▶ How to complete this task: Under this line are the records; write out word for word the part that begins at the line containing "White Howlite Beaded" and ends at the line containing "Сиротин Н.И. был", and no more.

▶ Task data:
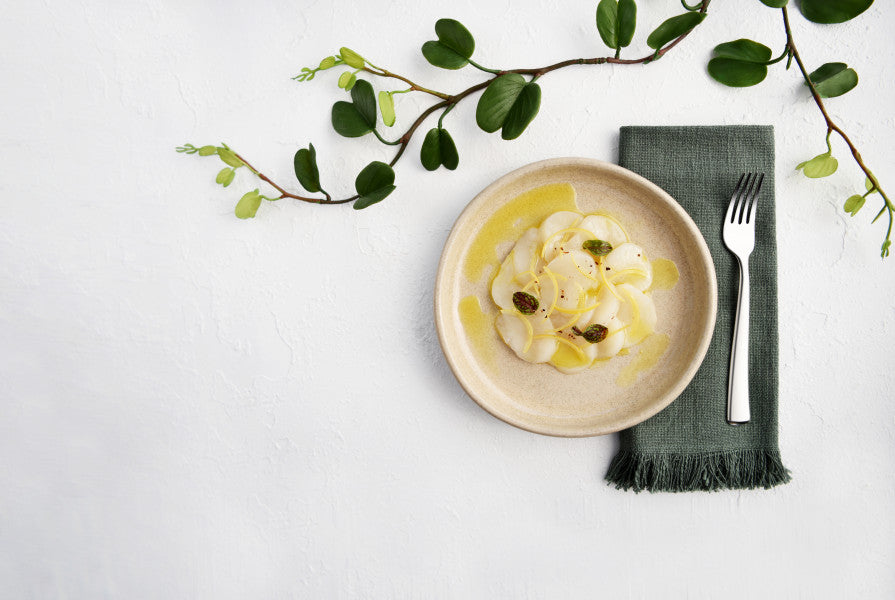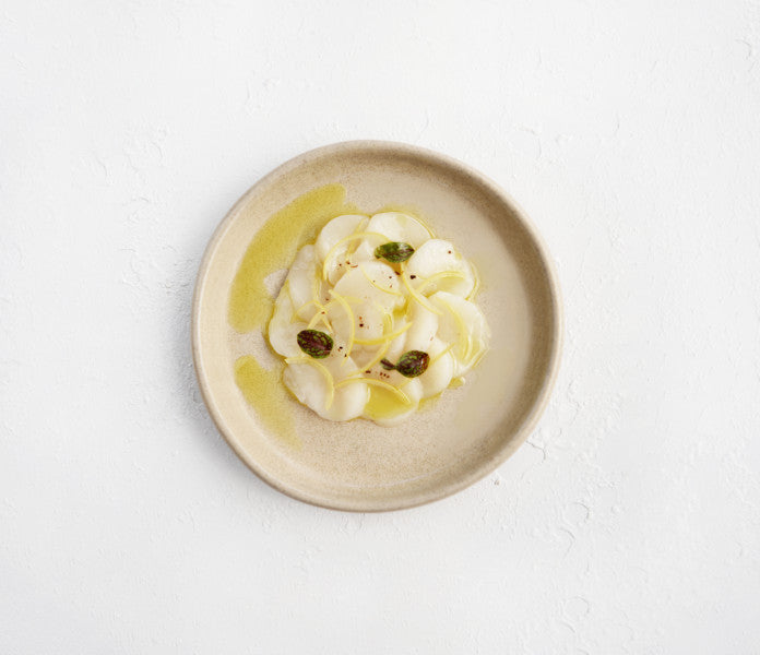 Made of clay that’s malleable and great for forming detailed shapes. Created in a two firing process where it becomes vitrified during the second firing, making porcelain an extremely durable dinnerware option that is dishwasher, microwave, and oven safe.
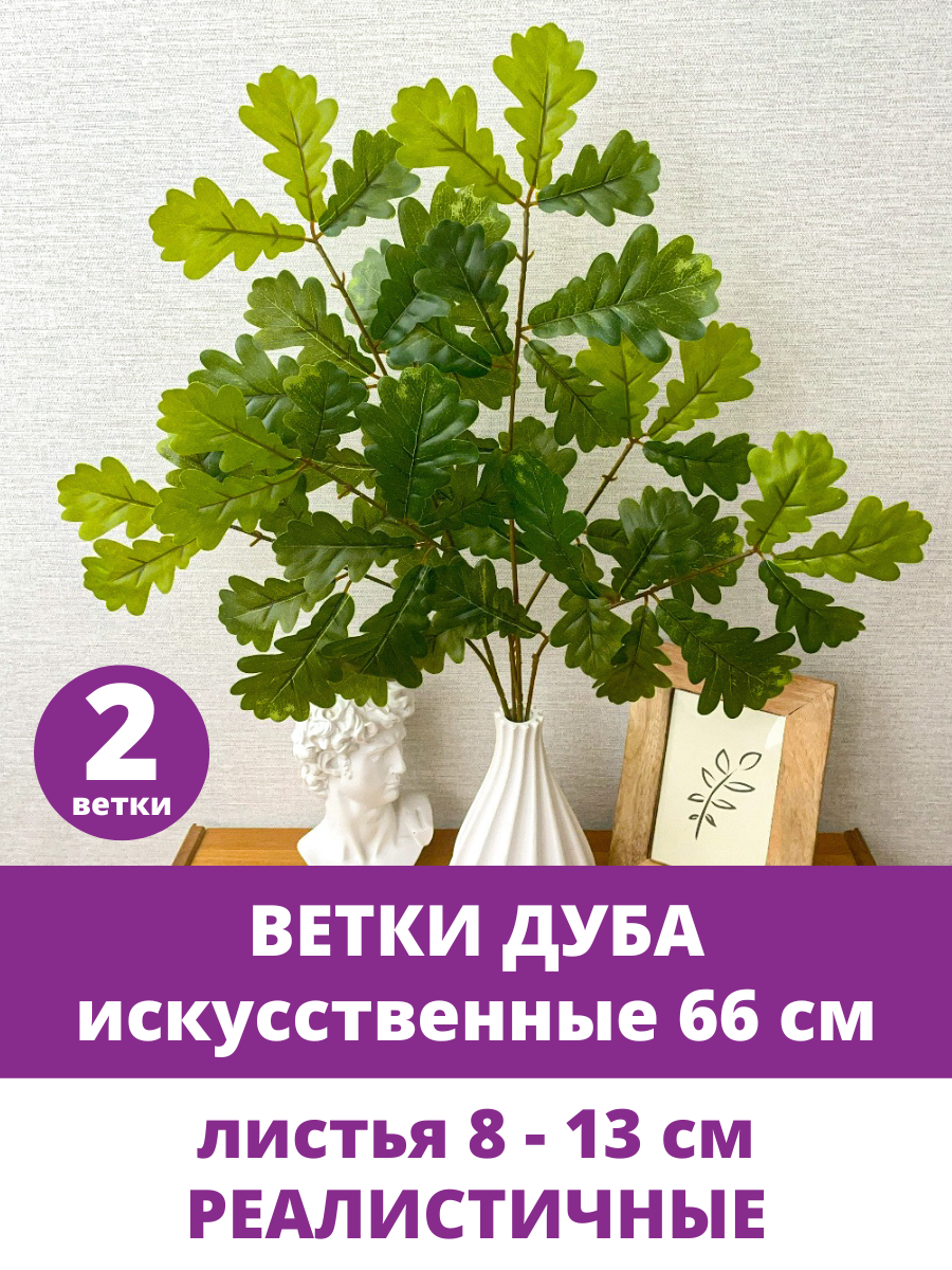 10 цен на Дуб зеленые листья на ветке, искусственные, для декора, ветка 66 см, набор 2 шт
...
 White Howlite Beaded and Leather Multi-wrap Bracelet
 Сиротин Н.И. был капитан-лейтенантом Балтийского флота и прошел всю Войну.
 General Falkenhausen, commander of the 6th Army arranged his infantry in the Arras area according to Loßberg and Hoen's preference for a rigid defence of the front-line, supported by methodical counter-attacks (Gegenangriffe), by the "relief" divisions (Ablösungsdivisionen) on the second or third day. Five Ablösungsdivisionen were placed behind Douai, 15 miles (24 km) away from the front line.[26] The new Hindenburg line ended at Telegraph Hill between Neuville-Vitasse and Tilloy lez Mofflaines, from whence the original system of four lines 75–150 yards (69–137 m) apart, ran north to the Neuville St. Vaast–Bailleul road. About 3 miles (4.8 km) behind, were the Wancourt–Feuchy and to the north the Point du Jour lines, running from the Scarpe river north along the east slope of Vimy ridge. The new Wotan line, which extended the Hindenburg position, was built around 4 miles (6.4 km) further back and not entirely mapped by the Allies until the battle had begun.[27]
==
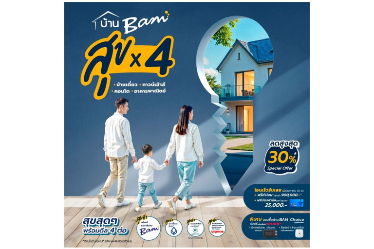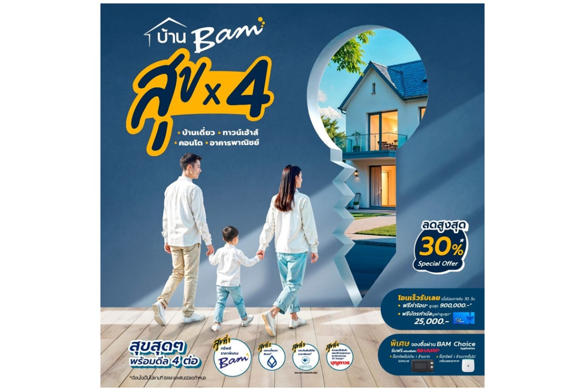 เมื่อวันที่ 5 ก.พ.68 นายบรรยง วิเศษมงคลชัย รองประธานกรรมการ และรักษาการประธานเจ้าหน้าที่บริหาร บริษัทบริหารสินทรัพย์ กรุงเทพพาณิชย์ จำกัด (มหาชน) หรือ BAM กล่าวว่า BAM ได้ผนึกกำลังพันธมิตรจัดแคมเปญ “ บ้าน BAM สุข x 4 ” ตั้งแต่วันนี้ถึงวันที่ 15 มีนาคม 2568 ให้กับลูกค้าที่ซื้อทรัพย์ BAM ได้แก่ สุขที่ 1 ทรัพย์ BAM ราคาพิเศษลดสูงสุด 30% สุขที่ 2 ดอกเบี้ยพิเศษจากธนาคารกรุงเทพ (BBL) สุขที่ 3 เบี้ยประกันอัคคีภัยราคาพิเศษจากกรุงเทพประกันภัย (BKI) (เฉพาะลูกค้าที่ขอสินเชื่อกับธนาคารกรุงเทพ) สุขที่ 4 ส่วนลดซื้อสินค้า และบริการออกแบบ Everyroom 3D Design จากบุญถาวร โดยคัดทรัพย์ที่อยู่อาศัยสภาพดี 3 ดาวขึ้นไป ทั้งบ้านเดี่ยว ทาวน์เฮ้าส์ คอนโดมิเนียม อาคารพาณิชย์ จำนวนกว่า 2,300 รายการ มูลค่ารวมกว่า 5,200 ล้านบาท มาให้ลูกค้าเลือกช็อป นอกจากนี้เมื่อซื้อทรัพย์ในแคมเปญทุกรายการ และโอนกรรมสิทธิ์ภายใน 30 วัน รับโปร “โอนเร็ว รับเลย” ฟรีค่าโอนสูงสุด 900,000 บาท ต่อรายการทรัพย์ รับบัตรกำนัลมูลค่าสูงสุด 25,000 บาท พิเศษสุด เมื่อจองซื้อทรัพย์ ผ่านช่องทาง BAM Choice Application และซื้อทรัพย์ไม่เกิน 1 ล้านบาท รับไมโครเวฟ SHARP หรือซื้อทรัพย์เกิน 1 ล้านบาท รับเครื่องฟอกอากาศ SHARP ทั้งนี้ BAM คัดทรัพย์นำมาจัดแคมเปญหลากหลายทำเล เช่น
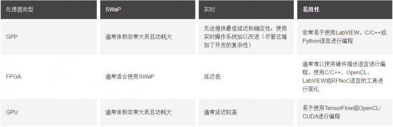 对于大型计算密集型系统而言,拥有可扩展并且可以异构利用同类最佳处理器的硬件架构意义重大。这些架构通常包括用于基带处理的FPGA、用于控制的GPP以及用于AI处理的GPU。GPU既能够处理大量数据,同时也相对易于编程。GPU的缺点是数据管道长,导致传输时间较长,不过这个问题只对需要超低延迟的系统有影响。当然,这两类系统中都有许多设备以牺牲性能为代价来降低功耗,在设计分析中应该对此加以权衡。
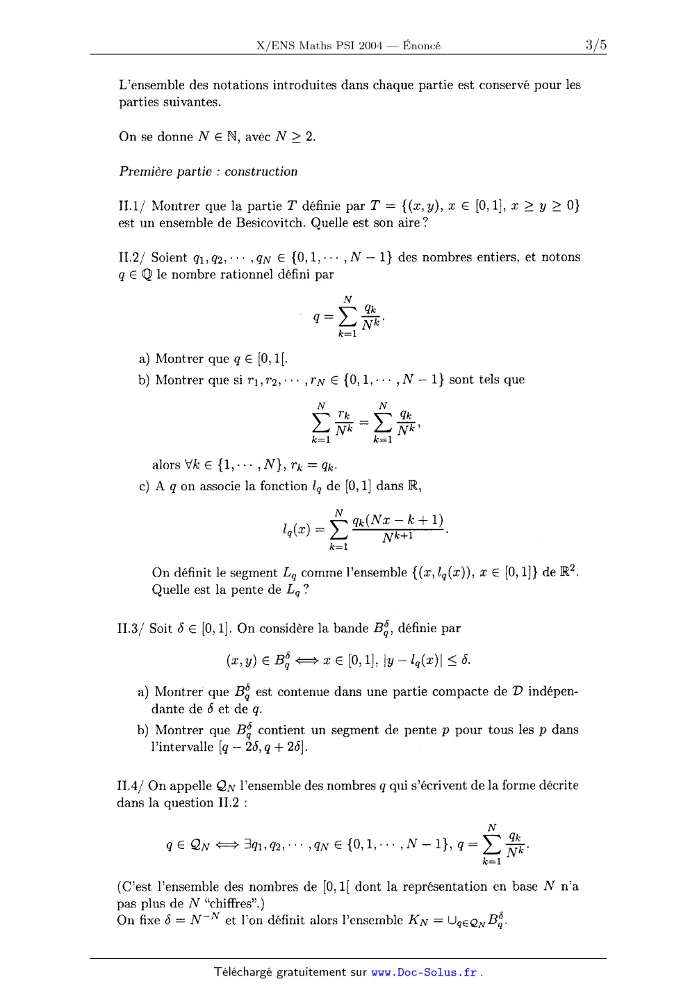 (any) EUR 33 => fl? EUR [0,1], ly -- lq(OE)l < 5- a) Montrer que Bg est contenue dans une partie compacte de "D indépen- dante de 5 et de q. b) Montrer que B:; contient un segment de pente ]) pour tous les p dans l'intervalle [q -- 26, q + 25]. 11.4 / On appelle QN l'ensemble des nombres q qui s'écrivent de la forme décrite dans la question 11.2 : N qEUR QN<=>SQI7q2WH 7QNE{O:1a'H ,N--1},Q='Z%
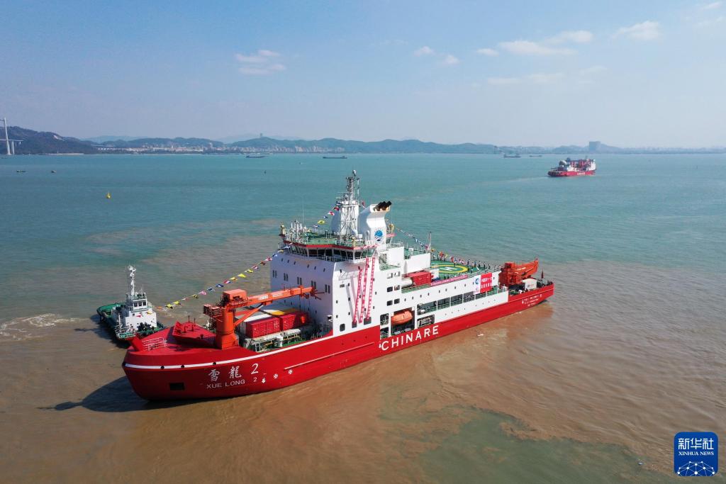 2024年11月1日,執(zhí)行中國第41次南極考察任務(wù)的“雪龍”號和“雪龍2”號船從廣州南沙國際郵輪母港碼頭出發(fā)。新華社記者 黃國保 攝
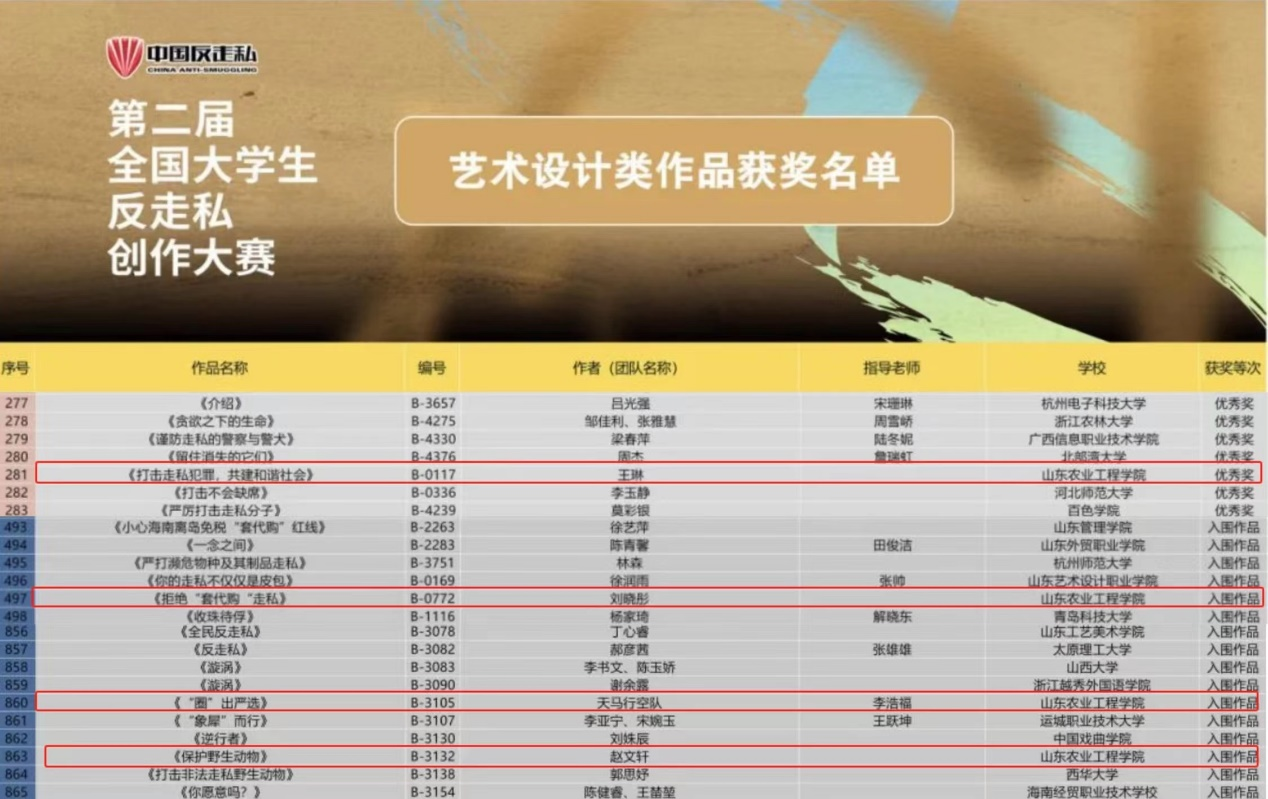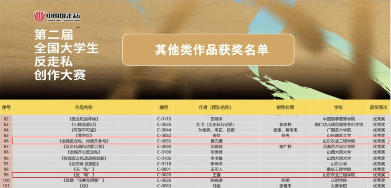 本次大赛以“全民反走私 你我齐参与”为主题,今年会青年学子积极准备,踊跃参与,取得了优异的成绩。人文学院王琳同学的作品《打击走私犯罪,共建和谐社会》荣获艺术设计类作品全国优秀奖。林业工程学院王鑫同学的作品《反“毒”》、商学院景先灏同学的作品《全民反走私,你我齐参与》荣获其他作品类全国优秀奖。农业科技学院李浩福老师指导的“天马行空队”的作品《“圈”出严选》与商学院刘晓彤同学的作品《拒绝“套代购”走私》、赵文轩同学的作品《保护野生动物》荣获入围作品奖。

▶ Exercise solution:
 White Howlite Beaded and Leather Multi-wrap Bracelet
 Сиротин Н.И. был капитан-лейтенантом Балтийского флота и прошел всю Войну.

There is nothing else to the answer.